:: Exercise description ::
Write out, word for word, the part of the listing below that opens with the line containing "Crafted with oval" and closes with the line containing "バッグ レディース ショルダーバッグ", keeping both of those lines and adding no others.

:: Given entries ::

------------------------------

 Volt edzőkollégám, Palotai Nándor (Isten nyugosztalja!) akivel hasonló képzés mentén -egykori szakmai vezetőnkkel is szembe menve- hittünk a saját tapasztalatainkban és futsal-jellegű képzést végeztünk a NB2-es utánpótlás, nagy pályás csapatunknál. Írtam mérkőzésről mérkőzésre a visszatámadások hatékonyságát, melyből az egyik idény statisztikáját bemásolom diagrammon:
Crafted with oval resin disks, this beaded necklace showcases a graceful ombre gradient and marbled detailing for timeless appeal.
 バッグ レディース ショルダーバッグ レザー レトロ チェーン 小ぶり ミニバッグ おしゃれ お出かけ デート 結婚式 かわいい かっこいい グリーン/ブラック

------------------------------

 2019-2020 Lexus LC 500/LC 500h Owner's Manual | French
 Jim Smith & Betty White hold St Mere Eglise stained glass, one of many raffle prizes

------------------------------

:: Reply to the task ::
Crafted with oval resin disks, this beaded necklace showcases a graceful ombre gradient and marbled detailing for timeless appeal.
 バッグ レディース ショルダーバッグ レザー レトロ チェーン 小ぶり ミニバッグ おしゃれ お出かけ デート 結婚式 かわいい かっこいい グリーン/ブラック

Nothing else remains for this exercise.